[Collection entries]

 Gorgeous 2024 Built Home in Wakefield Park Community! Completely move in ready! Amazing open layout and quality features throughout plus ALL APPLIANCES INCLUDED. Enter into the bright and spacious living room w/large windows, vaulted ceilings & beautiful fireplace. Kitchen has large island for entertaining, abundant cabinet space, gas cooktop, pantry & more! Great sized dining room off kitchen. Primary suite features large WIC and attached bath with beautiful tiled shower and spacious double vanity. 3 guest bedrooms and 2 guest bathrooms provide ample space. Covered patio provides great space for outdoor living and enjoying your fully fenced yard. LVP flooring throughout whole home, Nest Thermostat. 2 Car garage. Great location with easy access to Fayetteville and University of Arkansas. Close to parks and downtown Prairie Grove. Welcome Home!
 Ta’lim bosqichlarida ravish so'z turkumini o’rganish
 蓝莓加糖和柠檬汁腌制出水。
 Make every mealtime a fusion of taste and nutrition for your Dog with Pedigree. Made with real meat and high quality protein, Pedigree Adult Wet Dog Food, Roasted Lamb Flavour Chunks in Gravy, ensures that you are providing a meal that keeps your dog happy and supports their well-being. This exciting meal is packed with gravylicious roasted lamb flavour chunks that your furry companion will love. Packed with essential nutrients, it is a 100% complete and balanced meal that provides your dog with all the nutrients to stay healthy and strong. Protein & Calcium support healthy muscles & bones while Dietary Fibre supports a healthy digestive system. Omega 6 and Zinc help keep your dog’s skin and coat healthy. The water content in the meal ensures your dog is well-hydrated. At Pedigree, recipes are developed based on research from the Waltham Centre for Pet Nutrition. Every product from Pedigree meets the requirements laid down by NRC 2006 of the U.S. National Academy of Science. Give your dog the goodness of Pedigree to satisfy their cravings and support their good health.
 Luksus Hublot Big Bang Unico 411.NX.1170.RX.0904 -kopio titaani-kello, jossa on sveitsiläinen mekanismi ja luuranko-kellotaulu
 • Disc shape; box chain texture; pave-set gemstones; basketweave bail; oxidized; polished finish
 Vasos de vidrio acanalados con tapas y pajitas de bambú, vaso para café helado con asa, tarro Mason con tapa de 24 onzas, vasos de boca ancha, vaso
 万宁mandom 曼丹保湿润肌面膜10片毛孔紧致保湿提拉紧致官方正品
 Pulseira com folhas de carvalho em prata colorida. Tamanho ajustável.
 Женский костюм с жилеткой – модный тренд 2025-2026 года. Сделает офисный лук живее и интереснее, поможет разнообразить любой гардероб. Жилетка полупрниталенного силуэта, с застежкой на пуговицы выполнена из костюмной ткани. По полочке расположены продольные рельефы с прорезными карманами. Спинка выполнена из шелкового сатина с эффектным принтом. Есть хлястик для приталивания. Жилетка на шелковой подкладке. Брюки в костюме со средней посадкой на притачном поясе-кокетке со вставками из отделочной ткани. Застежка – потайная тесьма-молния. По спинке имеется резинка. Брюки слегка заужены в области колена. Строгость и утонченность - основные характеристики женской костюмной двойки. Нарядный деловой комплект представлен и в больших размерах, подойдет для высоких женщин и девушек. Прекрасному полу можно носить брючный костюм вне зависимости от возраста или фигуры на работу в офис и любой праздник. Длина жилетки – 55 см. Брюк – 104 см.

◆ Goal of the exercise ◆
Your task is to retype the entries verbatim, starting with the line that holds "Ta’lim bosqichlarida ravish" and stopping after the line that holds "蓝莓加糖和柠檬汁腌制出水。".

◆ Task response ◆
 Ta’lim bosqichlarida ravish so'z turkumini o’rganish
 蓝莓加糖和柠檬汁腌制出水。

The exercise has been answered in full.